Although the data below contains pictures, output only the lines between those holding "4月19日晚,廣州海心沙的無" and "作業は約1時間半で完了し、終", inclusive, exactly and without those pictures.

● Provided records:

- - -

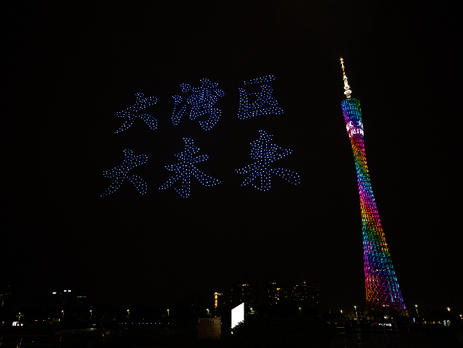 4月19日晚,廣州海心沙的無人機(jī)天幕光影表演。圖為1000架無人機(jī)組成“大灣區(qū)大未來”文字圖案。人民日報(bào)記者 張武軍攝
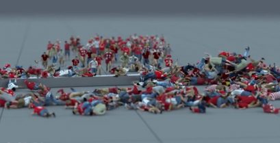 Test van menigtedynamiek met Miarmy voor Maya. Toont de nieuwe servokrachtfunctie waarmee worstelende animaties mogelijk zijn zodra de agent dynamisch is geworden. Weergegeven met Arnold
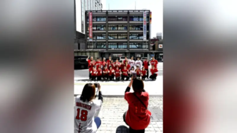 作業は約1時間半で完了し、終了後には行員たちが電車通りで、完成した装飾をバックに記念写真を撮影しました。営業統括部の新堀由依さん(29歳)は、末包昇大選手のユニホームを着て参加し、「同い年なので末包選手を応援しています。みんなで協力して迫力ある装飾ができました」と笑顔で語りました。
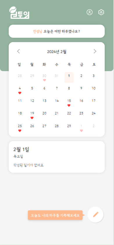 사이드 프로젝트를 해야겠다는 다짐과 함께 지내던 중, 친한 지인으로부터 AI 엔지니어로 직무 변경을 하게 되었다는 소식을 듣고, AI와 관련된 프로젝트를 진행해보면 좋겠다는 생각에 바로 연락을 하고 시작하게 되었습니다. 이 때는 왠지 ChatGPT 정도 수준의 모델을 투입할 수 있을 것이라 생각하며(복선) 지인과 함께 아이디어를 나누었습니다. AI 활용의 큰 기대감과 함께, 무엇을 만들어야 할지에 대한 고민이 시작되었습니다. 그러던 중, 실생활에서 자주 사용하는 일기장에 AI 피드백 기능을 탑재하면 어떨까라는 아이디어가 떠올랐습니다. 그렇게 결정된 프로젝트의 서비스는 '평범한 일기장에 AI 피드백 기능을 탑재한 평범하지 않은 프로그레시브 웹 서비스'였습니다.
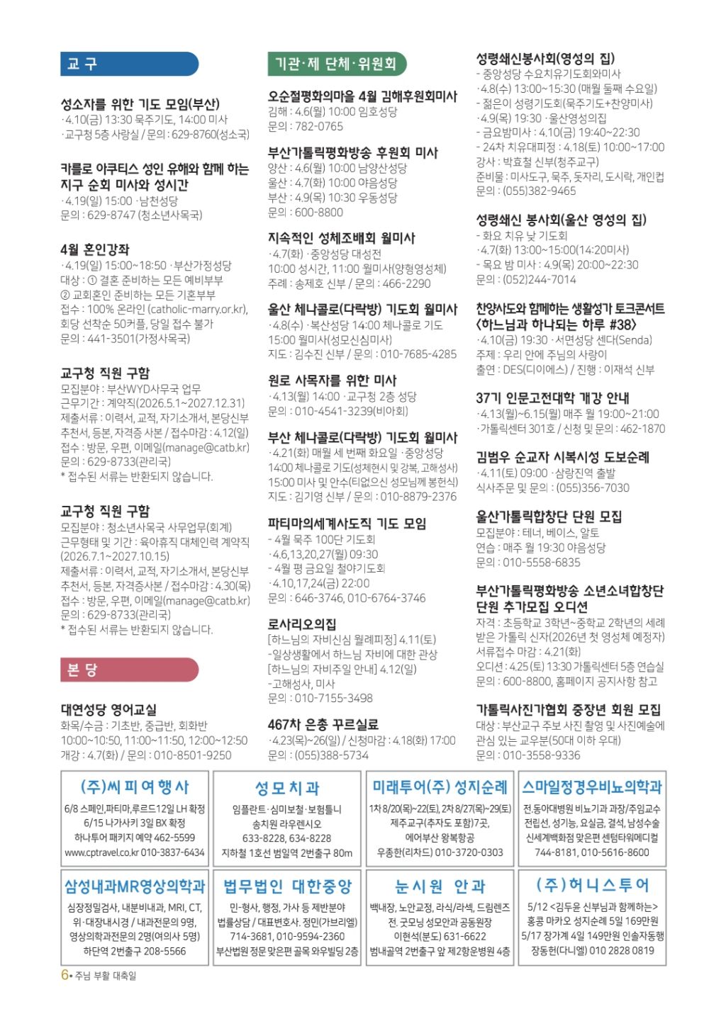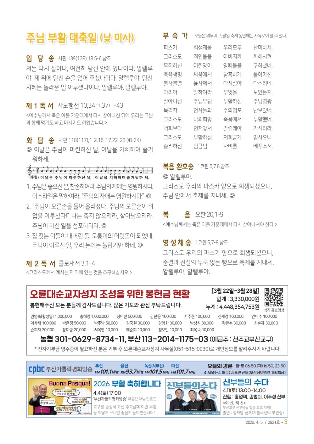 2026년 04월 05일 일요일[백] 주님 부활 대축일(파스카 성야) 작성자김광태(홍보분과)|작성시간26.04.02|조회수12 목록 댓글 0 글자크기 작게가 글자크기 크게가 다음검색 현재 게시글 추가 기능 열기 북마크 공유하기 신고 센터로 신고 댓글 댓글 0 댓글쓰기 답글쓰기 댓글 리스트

- - -

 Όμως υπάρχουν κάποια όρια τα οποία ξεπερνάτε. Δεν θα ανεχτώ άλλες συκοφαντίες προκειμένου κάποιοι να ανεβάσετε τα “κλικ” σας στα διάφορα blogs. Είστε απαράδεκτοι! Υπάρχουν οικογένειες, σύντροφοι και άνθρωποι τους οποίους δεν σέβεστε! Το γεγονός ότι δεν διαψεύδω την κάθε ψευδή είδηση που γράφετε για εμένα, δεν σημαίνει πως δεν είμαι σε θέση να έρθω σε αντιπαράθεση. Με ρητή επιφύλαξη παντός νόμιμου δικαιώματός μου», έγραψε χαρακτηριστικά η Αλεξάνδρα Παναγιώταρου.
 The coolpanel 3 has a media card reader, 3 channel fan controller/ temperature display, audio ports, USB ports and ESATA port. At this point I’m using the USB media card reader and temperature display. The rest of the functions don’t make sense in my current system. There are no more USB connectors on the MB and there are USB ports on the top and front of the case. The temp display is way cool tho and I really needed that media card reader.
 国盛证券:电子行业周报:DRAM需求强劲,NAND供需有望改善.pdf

- - -

● Output of the exercise:
 4月19日晚,廣州海心沙的無人機(jī)天幕光影表演。圖為1000架無人機(jī)組成“大灣區(qū)大未來”文字圖案。人民日報(bào)記者 張武軍攝
 Test van menigtedynamiek met Miarmy voor Maya. Toont de nieuwe servokrachtfunctie waarmee worstelende animaties mogelijk zijn zodra de agent dynamisch is geworden. Weergegeven met Arnold
 作業は約1時間半で完了し、終了後には行員たちが電車通りで、完成した装飾をバックに記念写真を撮影しました。営業統括部の新堀由依さん(29歳)は、末包昇大選手のユニホームを着て参加し、「同い年なので末包選手を応援しています。みんなで協力して迫力ある装飾ができました」と笑顔で語りました。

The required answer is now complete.